In other embodiments, the following technical solutions are adopted:

a flame and smoke anomaly detection system comprising:

the device is used for acquiring original image information of a set area;

means for extracting a flame candidate region;

the device is used for establishing a background block differential model, distinguishing the characteristics of the smoke shielding object and extracting a smoke candidate region;

and the device is used for screening the extracted flame candidate region and smoke candidate region and determining the specific position of the flame and/or smoke in the image.

In other embodiments, the following technical solutions are adopted:

the video monitoring equipment adopts the flame and smoke abnormal condition detection method to detect flame and smoke.

In other embodiments, the following technical solutions are adopted:

the inspection robot adopts the flame and smoke abnormal condition detection method to detect flame and smoke.

Compared with the prior art, the invention has the beneficial effects that:

identifying a flame area by adopting a color segmentation method, and distinguishing the characteristics of a smoke shielding object by utilizing a background block differential model so as to detect the smoke area; the accuracy of flame and smoke detection can be ensured, the average detection time is minimum, and the real-time requirement of fire detection can be met;

in order to enhance the real-time performance of the flame smoke detection algorithm, the convolutional neural network model is used for reducing the false detection rate of the algorithm and further improving the accuracy of flame and smoke detection.

Drawings

FIG. 1 is a diagram illustrating the effect of flame detection according to an embodiment of the present invention;

FIG. 2 is a diagram illustrating the smoke detection effect according to a first embodiment of the present invention;

fig. 3 is a diagram of a CNN network structure according to a first embodiment of the present invention.

Detailed Description

It should be noted that the following detailed description is exemplary and is intended to provide further explanation of the disclosure. Unless defined otherwise, all technical and scientific terms used herein have the same meaning as commonly understood by one of ordinary skill in the art to which this application belongs.

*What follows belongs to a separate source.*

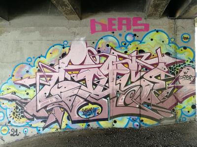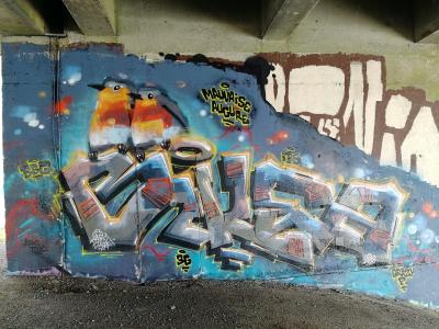 L'oeuvre est de type graffiti. Vous pouvez l'admirer dans la ville de Nantes en France et plus précisément ici : Avenue Jean Claude Bonduelle, 44000 Nantes, France.

It is noted that the terminology used herein is for the purpose of describing particular embodiments only and is not intended to be limiting of example embodiments according to the present application. As used herein, the singular forms "a", "an" and "the" are intended to include the plural forms as well, and it should be understood that when the terms "comprises" and/or "comprising" are used in this specification, they specify the presence of stated features, steps, operations, devices, components, and/or combinations thereof, unless the context clearly indicates otherwise.

Example one

In one or more embodiments, a flame and smoke abnormal condition detection method is disclosed, wherein a video sample of a set area is acquired, for the acquired video sample, a candidate area of flame is extracted by using a color segmentation method, a candidate area of smoke is generated by using a background block differential model based on a full convolution neural network, then the candidate area is screened by using a trained CNN model, and the position of flame and smoke appearing in a picture is determined.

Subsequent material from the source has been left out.